Taken from the Pacific Institute for Climate Solutions Website
Published Dec 4, 2014
According to Clean Energy Canada, green energy is putting lie to the belief that it is fossil fuels, and not renewables, that bring prosperity and jobs. According to a new report out Tuesday, direct jobs in the country’s green energy sector in 2013 number 23,700 (including clean energy, clean transport, services and equipment manufacturing) while direct oil sands jobs are just 22,300. $25 billion has been invested in the fast emerging Canadian cleantech sector during the past five years, and its employment numbers have risen 37 per cent. Revenues from oil certainly provide riches, around $3.5 billion to the Alberta treasury alone each year, and the report doesn’t tally indirect jobs, which Alberta claims are well over 100,000 for oil sands. Yet creating direct employment is one of the most impactful things any industry can do to create value, and the green energy sector is clearly doing this.

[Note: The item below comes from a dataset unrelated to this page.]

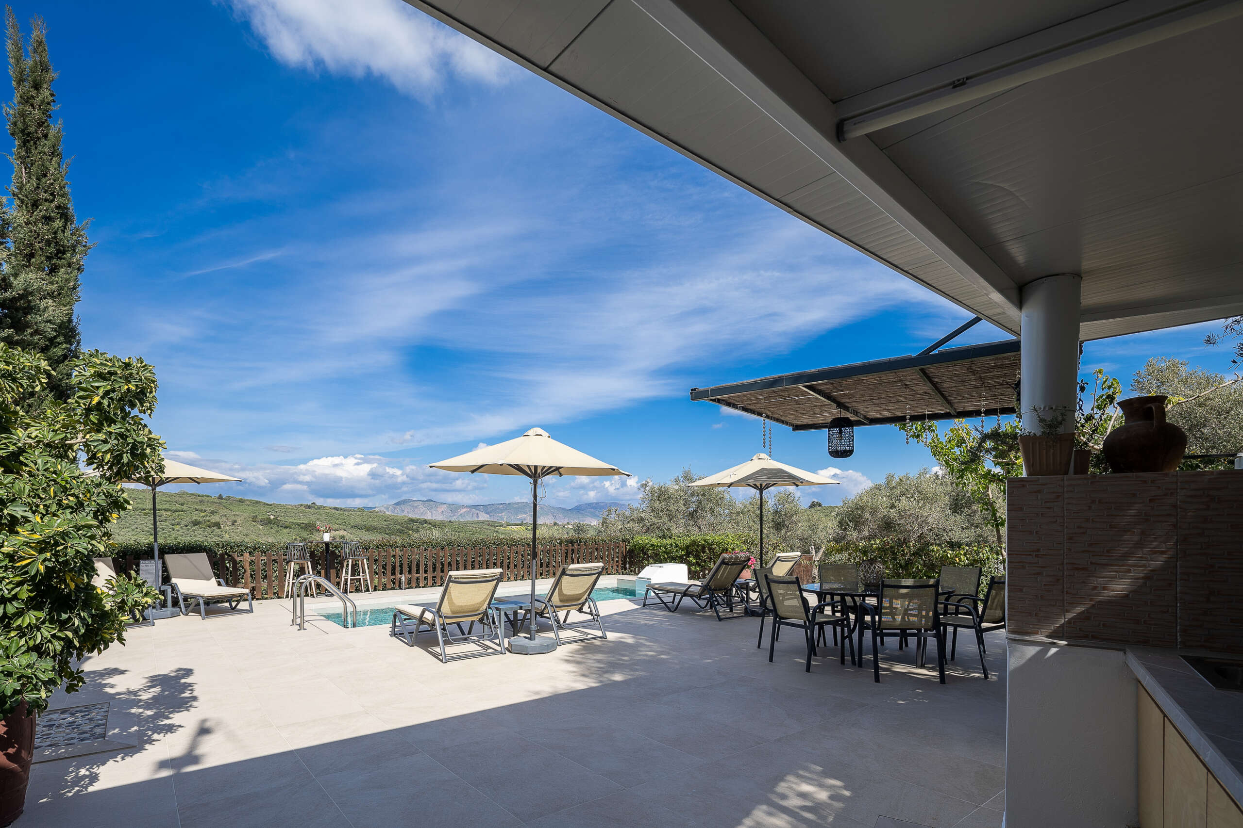 An ode to peace and natural beauty, MariAndry Villa is a private escape offering complete seclusion, perfect for those looking to reconnect with loved ones and nature alike. Designed for simple pleasures and unforgettable moments, whether it’s a long lunch beneath the pergola, a refreshing swim under the Cretan sun, or a twilight soak in the heated whirlpool. Located just 10 minutes from the beach, and 5 minutes from local shops and tavernas, MariAndry Villa invites you to surrender to a slower rhythm and fully immerse yourself in Crete’s countryside charm.

So is it possible that the oil sands aren’t the only route to energy riches in Canada? Capital Economics, a London firm, said that the $40-dollar-a-barrel price plummet for oil may cut government revenues from the industry and hurt the companies’ bottom line - but it also translates into something like $1.3 trillion in energy savings for Canadian consumers. This is about 1.7 per cent of Canada’s GDP. One example is fuel costs: a litre of gas in Victoria, BC, has dropped from about $1.30 / L three months ago to around $1.14 / L this week, which means losses for industry and government but fuel savings of about 12 per cent in the pockets of every Victoria driver. But there is one dubious symbol of the decline of the price at the pump: an uptick in SUV sales. That hasn’t affected sales of ‘green’ cars however, at least not yet: electric vehicle sales in Canada are increasing. But there can be no doubt that cheaper gasoline, should it persist, will make such purchases less attractive in coming months. Canada’s cleantech industry includes manufacture of fully electric vehicles like New Flyer’s electric buses that went into service in Winnipeg last week, as well as widely distributed manufacture of smaller vehicles and components. Continuing growth of this sector depends at least in part on the incentive that an accelerating price of liquid fossil-fuels presents; the current decline jeopardizes what has been a welcome switch toward adoption of cleaner transportation technologies.